Aim of the task: The records below are to be output exactly, except for their pictures.

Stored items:
..........

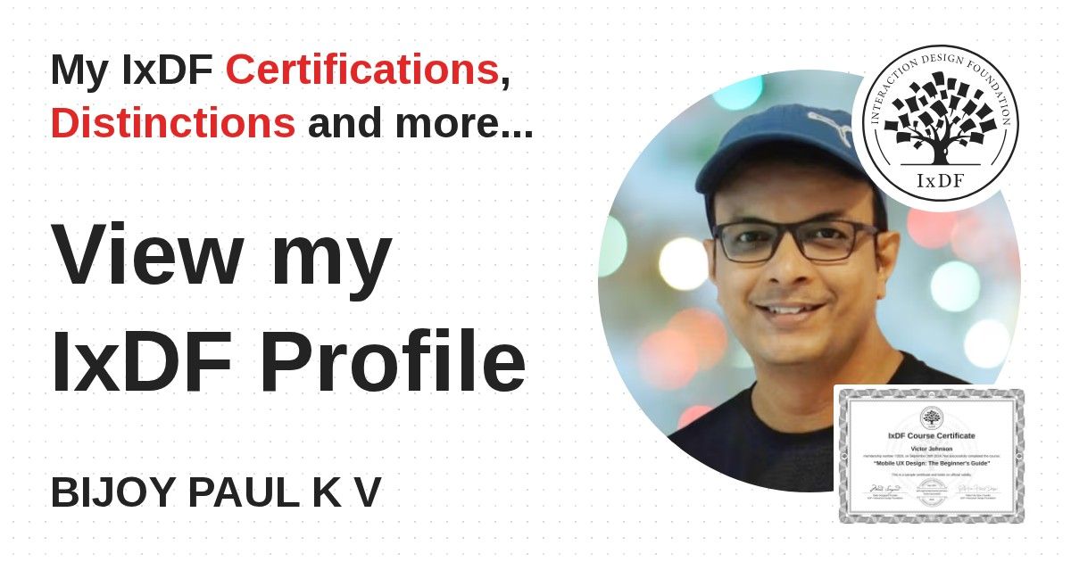 IxDF Course Certificates are awarded to BIJOY PAUL K V in formal recognition of their coursework surpassing the rigorous benchmarks of exceptional performance established by the IxDF Educational Codex.
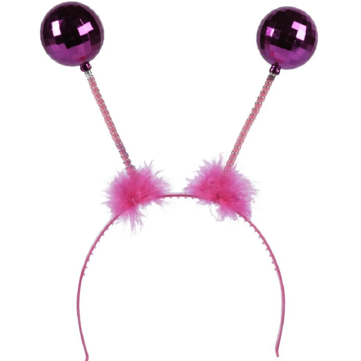 Serre-tête avec plumes fantaisie et antenne boules à facette.
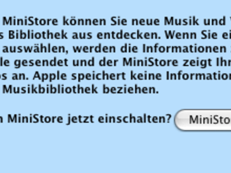 "Mit dem iTunes MiniStore können Sie neue Musik und Videos direkt von Ihrer iTunes Bibliothek aus entdecken. Wenn Sie ein Element in Ihrer Bibliothe auswählen, werden die Informationen zu diesem Element an Apple gesendet und der MiniStore zeigt Ihnen ähnliche Titel oder Videos an. Apple speichert keine Informationen, die sich auf den Inhalt Ihrer Musikbibliothek beziehen.
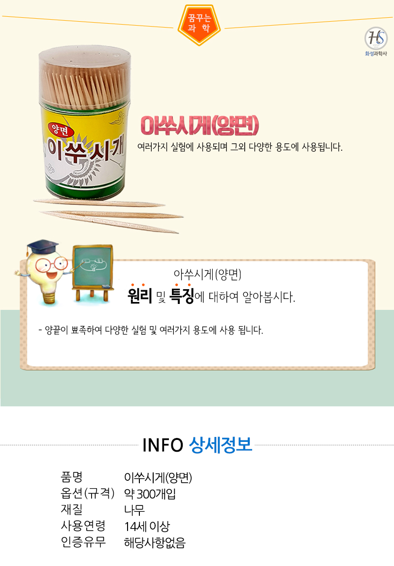| 취급방법 및 취급시 주의사항, 안전표시 (주의, 경고 등) | 1.끝이 날카로우니 사용시 주의 하세요, 2. 실험용으로만 사용하세요 3. 만13세이하 어린이는 보호자와 함께 실험해주세요 |
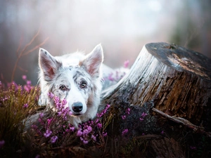 dog, trees, viewes, Flowers
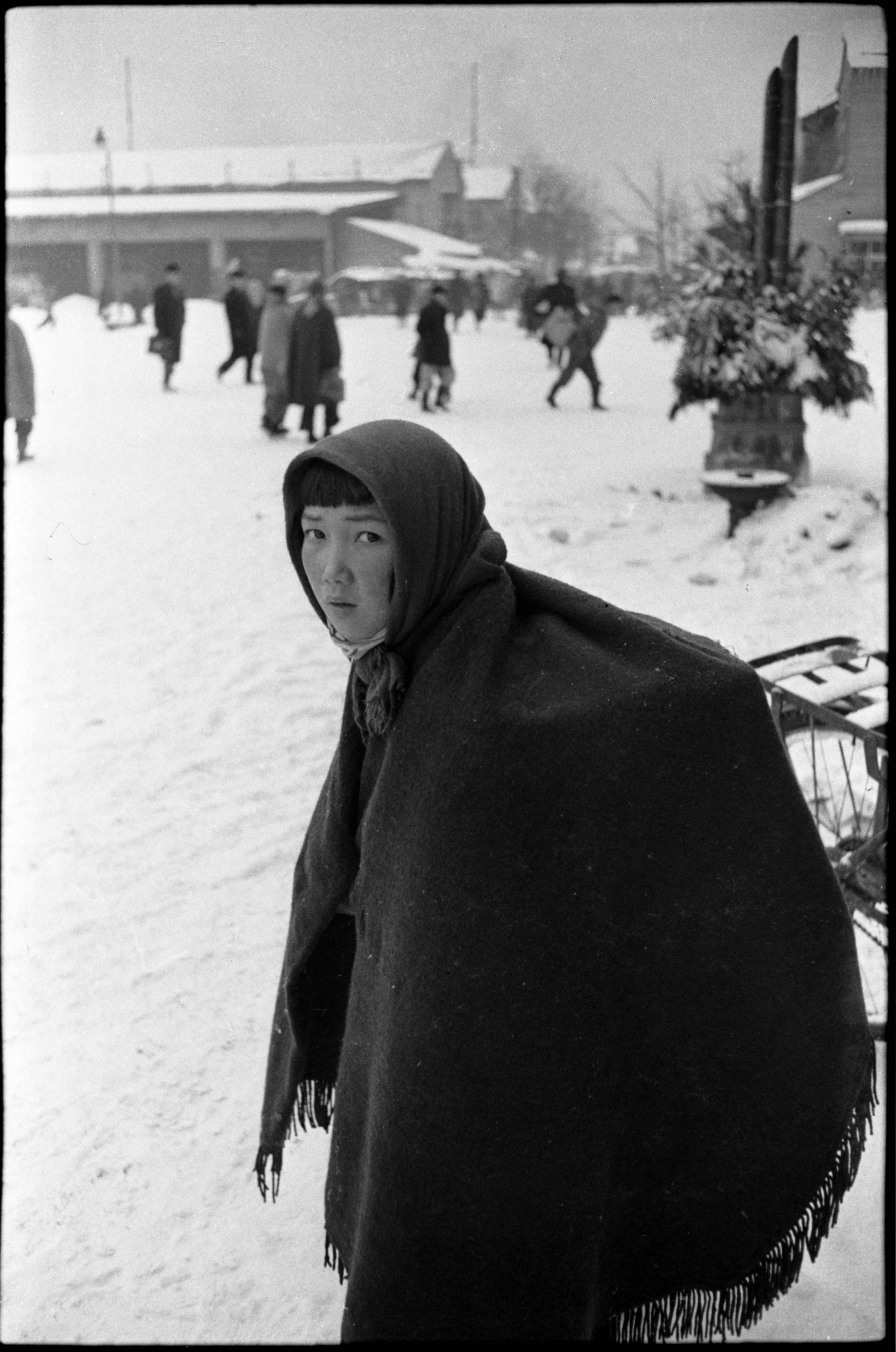 The black and white photographs taken by Shoichi Kudo (born in 1929) present a rural, impoverished Japan just beginning to recover after the war, in a region known for its harsh climate with long winters. They are snapshots of the photographer’s everyday environment. ‘Many of the pictures date from the early 1950s, and appear to be snapshots taken en route to work at To-o Nippo in Shinmachi from the house in Kitakanazawa where he lived before he was married, or from Okidate, where I grew up’, Kanako Kudo explains in the afterword to the book. ‘Prior to purchasing a car, it seems my father walked to work each day, with his camera. Other pictures may [have] come from vacations taken with photographer friends, or during breaks on news assignments, but we can only guess.’

..........

Task output:
 IxDF Course Certificates are awarded to BIJOY PAUL K V in formal recognition of their coursework surpassing the rigorous benchmarks of exceptional performance established by the IxDF Educational Codex.
 Serre-tête avec plumes fantaisie et antenne boules à facette.
 "Mit dem iTunes MiniStore können Sie neue Musik und Videos direkt von Ihrer iTunes Bibliothek aus entdecken. Wenn Sie ein Element in Ihrer Bibliothe auswählen, werden die Informationen zu diesem Element an Apple gesendet und der MiniStore zeigt Ihnen ähnliche Titel oder Videos an. Apple speichert keine Informationen, die sich auf den Inhalt Ihrer Musikbibliothek beziehen.
| 취급방법 및 취급시 주의사항, 안전표시 (주의, 경고 등) | 1.끝이 날카로우니 사용시 주의 하세요, 2. 실험용으로만 사용하세요 3. 만13세이하 어린이는 보호자와 함께 실험해주세요 |
 dog, trees, viewes, Flowers
 The black and white photographs taken by Shoichi Kudo (born in 1929) present a rural, impoverished Japan just beginning to recover after the war, in a region known for its harsh climate with long winters. They are snapshots of the photographer’s everyday environment. ‘Many of the pictures date from the early 1950s, and appear to be snapshots taken en route to work at To-o Nippo in Shinmachi from the house in Kitakanazawa where he lived before he was married, or from Okidate, where I grew up’, Kanako Kudo explains in the afterword to the book. ‘Prior to purchasing a car, it seems my father walked to work each day, with his camera. Other pictures may [have] come from vacations taken with photographer friends, or during breaks on news assignments, but we can only guess.’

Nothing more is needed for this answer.